WHAT YOU SHOULD DO. From the entries below, transcribe exactly the lines between the line holding "3) Колыбель-люлька на" and the line holding "A weathered sign", inclusive; skip all other lines.

Records from a data collection.
####################
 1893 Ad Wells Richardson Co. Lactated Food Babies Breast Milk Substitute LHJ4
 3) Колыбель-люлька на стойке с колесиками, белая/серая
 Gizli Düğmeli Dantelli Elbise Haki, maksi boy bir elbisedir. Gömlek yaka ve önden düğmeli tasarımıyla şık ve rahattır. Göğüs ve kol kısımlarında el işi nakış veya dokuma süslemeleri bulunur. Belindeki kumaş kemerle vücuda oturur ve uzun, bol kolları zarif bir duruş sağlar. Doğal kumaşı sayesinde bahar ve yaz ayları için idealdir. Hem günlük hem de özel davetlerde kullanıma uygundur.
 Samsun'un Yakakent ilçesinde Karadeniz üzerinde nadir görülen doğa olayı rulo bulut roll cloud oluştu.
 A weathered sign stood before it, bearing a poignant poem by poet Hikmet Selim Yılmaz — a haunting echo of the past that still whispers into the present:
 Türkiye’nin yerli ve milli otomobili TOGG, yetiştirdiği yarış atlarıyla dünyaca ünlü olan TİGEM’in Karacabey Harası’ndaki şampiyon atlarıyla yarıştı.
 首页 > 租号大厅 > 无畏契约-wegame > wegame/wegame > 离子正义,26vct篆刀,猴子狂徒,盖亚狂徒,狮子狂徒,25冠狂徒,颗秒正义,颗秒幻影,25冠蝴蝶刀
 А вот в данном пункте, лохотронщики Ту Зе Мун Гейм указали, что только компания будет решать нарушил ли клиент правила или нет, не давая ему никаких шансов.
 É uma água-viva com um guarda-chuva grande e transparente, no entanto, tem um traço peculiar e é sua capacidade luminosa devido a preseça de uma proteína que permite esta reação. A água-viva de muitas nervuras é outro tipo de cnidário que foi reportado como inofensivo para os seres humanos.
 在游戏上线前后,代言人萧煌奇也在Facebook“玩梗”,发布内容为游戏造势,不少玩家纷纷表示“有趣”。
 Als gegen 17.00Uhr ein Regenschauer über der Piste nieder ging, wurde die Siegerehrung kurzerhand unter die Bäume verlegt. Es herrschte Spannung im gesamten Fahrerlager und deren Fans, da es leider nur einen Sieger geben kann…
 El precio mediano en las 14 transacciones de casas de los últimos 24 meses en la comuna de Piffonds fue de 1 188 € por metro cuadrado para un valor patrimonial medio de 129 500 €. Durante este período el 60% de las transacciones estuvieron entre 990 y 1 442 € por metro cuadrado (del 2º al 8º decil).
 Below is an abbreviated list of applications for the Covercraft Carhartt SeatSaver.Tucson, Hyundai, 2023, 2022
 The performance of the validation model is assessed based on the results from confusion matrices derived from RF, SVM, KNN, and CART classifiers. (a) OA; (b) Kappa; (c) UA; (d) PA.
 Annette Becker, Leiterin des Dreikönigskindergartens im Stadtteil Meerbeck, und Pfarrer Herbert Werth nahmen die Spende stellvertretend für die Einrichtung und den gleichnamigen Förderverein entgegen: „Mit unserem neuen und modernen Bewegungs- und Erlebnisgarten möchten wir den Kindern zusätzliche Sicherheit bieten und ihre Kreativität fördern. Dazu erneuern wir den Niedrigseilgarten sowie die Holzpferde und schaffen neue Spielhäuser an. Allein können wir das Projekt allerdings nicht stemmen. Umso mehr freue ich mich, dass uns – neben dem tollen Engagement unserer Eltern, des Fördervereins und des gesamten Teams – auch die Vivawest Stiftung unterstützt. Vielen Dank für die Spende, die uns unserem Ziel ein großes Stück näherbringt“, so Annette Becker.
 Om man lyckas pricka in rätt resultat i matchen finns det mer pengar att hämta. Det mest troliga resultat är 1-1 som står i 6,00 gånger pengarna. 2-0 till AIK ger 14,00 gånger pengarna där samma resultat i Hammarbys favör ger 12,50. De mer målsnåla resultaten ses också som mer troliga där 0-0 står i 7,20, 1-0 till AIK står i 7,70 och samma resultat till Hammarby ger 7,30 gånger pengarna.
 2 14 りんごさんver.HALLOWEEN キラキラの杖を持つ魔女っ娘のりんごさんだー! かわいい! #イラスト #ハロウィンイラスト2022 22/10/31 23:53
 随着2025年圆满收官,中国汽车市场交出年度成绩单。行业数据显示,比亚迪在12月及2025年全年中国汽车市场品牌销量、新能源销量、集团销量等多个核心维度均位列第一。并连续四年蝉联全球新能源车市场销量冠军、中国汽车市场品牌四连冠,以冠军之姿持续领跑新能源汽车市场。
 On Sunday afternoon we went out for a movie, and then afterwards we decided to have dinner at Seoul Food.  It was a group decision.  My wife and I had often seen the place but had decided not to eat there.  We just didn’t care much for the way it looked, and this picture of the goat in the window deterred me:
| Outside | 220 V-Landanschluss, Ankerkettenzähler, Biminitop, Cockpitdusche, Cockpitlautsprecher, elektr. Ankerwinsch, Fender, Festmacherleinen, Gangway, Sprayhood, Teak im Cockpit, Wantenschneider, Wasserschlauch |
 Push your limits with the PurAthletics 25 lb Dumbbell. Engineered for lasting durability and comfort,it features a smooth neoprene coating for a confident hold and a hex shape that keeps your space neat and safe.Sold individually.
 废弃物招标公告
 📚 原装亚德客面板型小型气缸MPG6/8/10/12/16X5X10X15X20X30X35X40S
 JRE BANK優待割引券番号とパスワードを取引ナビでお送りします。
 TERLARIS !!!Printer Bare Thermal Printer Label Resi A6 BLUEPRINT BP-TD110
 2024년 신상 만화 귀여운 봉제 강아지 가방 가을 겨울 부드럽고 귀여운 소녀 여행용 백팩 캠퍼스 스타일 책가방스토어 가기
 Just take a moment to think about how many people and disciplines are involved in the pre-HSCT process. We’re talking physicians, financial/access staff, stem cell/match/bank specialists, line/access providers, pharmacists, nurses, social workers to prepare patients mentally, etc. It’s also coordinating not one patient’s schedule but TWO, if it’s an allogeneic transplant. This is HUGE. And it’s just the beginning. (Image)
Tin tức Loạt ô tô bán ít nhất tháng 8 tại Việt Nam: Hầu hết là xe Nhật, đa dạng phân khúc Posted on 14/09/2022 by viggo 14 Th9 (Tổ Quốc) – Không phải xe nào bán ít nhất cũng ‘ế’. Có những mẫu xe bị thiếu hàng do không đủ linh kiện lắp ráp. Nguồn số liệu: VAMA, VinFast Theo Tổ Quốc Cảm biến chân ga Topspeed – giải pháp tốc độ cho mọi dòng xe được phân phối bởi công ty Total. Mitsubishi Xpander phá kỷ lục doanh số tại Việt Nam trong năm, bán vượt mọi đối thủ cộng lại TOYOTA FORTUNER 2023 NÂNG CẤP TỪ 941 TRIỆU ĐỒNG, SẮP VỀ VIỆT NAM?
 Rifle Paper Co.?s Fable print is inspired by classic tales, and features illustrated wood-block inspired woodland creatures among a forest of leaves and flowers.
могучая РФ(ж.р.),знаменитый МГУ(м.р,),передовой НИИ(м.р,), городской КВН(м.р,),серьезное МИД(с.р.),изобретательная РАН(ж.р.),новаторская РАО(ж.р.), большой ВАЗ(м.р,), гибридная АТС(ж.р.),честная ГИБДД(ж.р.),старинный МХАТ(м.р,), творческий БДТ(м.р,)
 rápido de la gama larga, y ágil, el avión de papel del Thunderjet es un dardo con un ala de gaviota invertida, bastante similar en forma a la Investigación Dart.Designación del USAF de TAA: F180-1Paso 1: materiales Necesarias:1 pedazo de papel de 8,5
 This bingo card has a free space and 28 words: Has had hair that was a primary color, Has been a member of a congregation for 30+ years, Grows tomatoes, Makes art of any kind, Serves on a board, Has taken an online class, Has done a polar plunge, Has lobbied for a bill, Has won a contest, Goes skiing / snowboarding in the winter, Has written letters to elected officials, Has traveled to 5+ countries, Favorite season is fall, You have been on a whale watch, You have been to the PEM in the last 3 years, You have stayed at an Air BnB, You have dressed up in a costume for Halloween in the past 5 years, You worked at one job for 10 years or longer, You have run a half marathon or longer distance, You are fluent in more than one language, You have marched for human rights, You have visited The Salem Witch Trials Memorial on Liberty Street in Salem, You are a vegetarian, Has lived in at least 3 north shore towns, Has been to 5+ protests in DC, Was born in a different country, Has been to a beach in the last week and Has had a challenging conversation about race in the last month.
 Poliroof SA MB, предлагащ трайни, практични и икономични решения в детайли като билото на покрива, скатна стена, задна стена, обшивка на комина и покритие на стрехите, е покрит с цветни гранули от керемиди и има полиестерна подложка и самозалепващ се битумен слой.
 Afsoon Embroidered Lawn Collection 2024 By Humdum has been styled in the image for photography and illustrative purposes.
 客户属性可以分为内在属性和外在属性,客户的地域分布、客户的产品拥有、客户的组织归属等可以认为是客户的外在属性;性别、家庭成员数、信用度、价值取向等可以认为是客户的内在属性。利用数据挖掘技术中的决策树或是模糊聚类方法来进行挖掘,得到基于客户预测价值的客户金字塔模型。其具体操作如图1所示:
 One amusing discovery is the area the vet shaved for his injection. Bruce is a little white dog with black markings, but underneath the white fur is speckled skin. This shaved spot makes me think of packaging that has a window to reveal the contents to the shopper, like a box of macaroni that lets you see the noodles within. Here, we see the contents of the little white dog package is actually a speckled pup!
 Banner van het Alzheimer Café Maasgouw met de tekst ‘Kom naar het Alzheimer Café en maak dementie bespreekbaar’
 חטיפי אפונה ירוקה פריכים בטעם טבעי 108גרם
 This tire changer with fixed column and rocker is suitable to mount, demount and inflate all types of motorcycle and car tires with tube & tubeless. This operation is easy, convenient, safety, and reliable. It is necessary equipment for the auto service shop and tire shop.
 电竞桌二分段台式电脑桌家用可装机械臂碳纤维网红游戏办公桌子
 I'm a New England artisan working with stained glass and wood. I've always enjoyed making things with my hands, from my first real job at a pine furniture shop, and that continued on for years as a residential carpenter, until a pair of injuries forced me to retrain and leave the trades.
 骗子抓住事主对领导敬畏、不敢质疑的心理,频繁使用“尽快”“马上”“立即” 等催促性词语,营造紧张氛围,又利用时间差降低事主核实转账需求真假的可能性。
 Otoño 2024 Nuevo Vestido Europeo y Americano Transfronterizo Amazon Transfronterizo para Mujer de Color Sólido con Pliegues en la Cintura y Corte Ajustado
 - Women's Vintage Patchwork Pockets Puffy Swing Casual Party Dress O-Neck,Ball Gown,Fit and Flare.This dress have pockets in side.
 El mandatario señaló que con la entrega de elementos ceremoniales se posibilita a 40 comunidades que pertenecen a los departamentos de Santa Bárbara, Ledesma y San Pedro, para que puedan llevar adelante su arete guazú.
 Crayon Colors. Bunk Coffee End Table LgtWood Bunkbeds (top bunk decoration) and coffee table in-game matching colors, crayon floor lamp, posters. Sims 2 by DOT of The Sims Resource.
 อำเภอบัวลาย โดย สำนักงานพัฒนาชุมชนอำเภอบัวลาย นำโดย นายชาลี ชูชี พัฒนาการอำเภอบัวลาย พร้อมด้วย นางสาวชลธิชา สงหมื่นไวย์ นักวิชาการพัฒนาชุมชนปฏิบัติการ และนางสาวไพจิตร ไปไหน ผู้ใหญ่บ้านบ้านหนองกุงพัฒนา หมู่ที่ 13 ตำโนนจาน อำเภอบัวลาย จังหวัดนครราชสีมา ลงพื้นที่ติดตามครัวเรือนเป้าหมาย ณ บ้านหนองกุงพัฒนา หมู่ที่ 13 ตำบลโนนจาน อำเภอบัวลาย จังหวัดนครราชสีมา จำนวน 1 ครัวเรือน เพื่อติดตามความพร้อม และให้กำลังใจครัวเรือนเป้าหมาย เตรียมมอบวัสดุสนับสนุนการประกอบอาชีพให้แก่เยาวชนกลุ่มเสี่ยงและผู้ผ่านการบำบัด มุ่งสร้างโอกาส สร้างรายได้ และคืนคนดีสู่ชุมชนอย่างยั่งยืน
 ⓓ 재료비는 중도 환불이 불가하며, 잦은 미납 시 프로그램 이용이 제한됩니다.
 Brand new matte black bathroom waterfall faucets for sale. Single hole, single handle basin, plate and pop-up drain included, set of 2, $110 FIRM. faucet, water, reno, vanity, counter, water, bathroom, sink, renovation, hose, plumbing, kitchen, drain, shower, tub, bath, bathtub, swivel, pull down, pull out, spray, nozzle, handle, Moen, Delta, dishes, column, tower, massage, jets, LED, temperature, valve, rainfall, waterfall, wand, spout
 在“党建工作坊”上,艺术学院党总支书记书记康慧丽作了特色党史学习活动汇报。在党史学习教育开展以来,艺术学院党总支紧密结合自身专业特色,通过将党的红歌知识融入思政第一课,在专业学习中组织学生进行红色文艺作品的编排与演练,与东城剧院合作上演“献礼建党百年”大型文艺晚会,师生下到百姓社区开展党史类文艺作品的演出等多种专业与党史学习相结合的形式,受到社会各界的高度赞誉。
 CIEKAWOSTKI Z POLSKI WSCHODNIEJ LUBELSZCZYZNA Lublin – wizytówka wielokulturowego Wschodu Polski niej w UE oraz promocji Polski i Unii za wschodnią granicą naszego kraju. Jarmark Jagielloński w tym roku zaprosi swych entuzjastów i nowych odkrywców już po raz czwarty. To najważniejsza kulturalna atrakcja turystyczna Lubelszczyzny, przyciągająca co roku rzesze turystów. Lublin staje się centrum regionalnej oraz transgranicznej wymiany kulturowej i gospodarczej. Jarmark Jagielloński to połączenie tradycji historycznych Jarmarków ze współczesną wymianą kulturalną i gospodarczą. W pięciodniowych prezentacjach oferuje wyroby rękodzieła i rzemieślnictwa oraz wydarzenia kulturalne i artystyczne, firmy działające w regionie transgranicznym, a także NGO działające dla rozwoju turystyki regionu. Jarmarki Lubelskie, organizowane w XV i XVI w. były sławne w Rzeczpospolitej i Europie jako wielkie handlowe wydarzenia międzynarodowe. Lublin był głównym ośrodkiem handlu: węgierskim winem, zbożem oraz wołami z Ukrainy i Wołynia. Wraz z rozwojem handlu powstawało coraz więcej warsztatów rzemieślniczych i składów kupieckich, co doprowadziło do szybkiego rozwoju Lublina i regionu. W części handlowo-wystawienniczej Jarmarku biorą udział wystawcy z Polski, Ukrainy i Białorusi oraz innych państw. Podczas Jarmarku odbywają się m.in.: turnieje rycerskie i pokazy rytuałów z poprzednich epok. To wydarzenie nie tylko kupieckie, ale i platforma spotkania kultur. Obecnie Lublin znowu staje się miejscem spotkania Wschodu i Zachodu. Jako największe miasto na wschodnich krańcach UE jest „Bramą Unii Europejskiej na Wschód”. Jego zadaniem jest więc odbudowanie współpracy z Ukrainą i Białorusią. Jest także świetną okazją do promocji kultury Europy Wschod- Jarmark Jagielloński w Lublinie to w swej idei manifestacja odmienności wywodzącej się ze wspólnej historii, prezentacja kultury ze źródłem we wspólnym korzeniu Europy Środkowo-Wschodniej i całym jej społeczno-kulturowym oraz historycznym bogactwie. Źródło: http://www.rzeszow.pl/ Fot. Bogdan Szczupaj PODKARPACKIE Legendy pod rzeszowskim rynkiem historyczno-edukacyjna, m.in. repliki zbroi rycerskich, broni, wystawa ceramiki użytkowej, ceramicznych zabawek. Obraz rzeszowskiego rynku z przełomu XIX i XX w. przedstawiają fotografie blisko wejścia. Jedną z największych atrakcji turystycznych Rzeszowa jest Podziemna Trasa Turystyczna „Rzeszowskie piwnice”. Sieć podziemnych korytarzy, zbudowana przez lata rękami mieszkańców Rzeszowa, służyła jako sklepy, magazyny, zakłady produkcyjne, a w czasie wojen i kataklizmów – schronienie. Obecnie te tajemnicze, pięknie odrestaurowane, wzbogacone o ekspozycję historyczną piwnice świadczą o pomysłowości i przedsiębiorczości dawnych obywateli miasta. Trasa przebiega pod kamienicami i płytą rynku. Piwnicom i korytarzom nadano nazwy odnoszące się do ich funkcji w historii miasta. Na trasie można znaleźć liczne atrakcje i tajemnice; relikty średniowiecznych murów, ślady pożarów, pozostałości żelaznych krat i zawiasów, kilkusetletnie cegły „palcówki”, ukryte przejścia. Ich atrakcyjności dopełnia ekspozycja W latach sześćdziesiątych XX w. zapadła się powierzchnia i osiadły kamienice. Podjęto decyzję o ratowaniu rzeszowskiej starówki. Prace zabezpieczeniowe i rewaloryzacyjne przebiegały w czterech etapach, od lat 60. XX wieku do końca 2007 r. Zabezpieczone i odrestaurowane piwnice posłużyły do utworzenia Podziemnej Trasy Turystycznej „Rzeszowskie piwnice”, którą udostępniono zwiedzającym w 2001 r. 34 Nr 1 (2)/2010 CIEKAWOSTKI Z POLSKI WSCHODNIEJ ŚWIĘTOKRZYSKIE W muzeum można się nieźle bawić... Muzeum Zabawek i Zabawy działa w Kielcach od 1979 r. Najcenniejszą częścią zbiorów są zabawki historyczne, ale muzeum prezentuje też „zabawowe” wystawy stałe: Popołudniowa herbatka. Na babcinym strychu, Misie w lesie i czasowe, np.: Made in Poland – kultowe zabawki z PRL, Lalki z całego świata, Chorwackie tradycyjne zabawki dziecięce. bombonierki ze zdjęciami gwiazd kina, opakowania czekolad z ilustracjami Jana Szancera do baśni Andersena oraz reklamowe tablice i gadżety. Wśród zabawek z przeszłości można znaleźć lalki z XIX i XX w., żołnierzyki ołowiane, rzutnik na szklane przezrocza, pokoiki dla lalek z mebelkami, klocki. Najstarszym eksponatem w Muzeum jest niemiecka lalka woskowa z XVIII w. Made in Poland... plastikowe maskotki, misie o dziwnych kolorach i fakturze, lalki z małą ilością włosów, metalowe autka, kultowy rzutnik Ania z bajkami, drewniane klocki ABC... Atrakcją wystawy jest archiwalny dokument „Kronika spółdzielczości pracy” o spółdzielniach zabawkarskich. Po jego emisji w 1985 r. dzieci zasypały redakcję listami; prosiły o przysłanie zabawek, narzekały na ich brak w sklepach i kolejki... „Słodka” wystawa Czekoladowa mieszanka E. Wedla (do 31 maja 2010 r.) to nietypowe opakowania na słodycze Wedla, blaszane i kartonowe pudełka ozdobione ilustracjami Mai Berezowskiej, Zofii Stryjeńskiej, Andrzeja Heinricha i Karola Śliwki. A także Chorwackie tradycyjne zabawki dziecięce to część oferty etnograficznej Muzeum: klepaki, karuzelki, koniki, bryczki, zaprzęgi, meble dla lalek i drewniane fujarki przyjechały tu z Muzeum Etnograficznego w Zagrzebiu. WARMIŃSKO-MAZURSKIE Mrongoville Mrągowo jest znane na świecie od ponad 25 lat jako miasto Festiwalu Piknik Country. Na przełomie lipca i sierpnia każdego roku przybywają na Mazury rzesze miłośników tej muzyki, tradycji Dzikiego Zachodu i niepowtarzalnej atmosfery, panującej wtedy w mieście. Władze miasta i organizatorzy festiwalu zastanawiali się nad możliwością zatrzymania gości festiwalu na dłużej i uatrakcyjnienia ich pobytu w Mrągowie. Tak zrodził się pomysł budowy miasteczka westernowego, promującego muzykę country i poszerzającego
####################
ANSWER TO THIS TASK.
 3) Колыбель-люлька на стойке с колесиками, белая/серая
 Gizli Düğmeli Dantelli Elbise Haki, maksi boy bir elbisedir. Gömlek yaka ve önden düğmeli tasarımıyla şık ve rahattır. Göğüs ve kol kısımlarında el işi nakış veya dokuma süslemeleri bulunur. Belindeki kumaş kemerle vücuda oturur ve uzun, bol kolları zarif bir duruş sağlar. Doğal kumaşı sayesinde bahar ve yaz ayları için idealdir. Hem günlük hem de özel davetlerde kullanıma uygundur.
 Samsun'un Yakakent ilçesinde Karadeniz üzerinde nadir görülen doğa olayı rulo bulut roll cloud oluştu.
 A weathered sign stood before it, bearing a poignant poem by poet Hikmet Selim Yılmaz — a haunting echo of the past that still whispers into the present:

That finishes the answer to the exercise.